• _Work order_
Exactly as written, reproduce the lines from the beginning of the data through the line containing "В новом жилом"; the pictures are not reproduced.

• _Recorded information_
+ + + + +

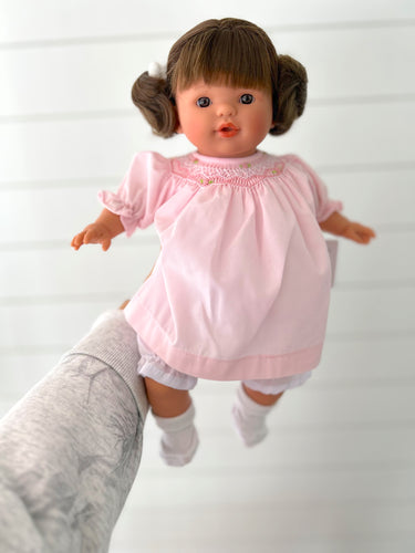 Rosalina 15" Brunette Doll with Pink Smocked Dress
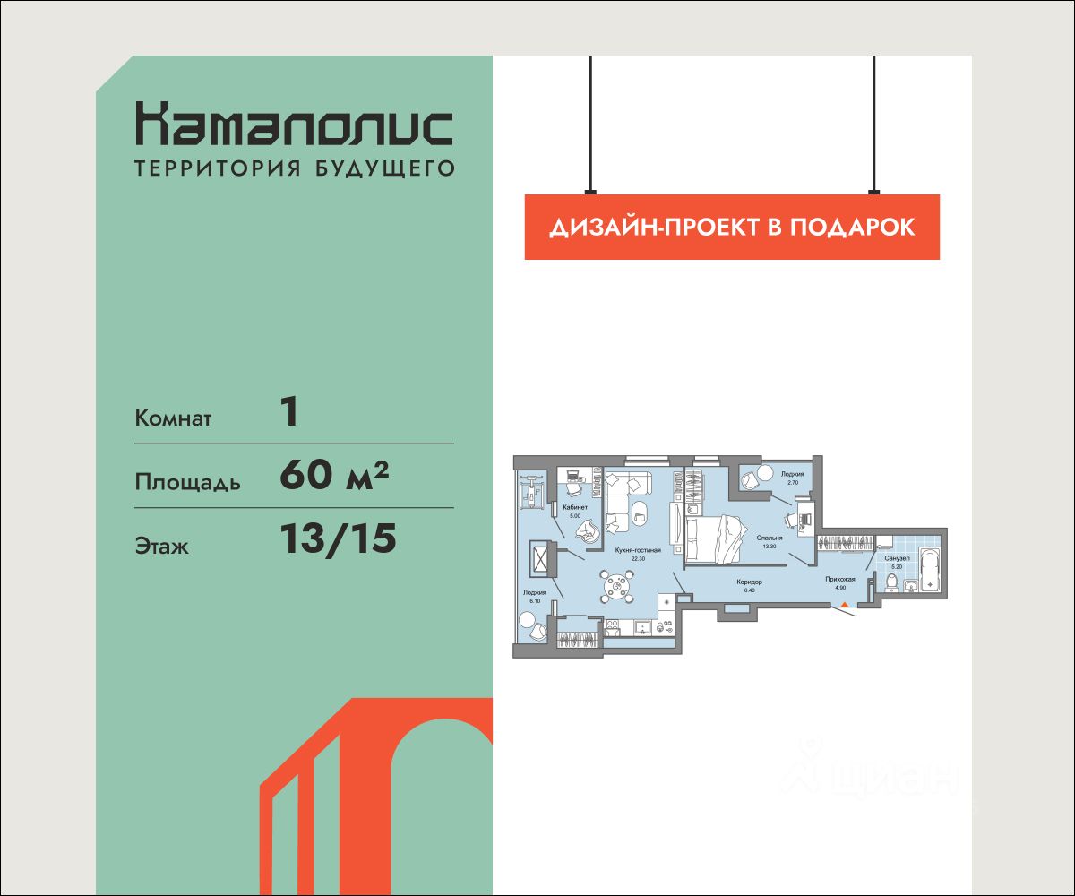В новом жилом комплексе комфорт+ класса "Камаполис", расположенном на берегу реки Камы, продается 1-комнатная квартира площадью 60.00 кв. м. Квартира находится в 2 доме. Девелопер проекта - "Железно".
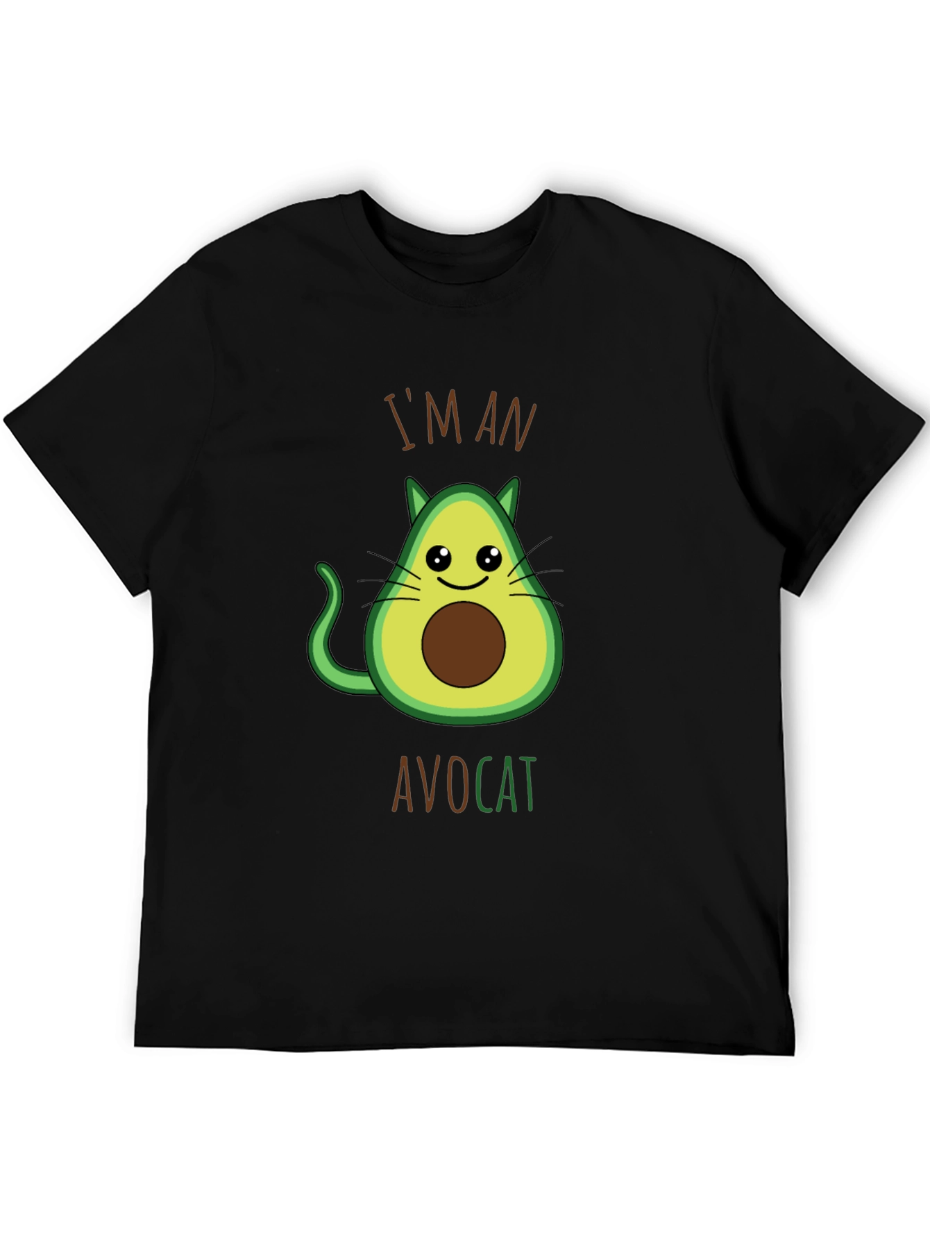 This black t-shirt features a whimsical and playful design, perfect for avocado and cat lovers. The graphic showcases a cute 'avocat' character - a delightful blend of an avocado and a cat. Above the image, text reads 'I'M AN' and below it 'AVOCAT'. Ideal for casual wear, this tee adds a touch of humor and personality to any outfit. Made from comfortable fabric, it's perfect for everyday use, casual outings, or as a fun gift for friends and family. Express your unique style with this eye-catching and conversation-starting t-shirt.

+ + + + +

• _Worked solution_
 Rosalina 15" Brunette Doll with Pink Smocked Dress
В новом жилом комплексе комфорт+ класса "Камаполис", расположенном на берегу реки Камы, продается 1-комнатная квартира площадью 60.00 кв. м. Квартира находится в 2 доме. Девелопер проекта - "Железно".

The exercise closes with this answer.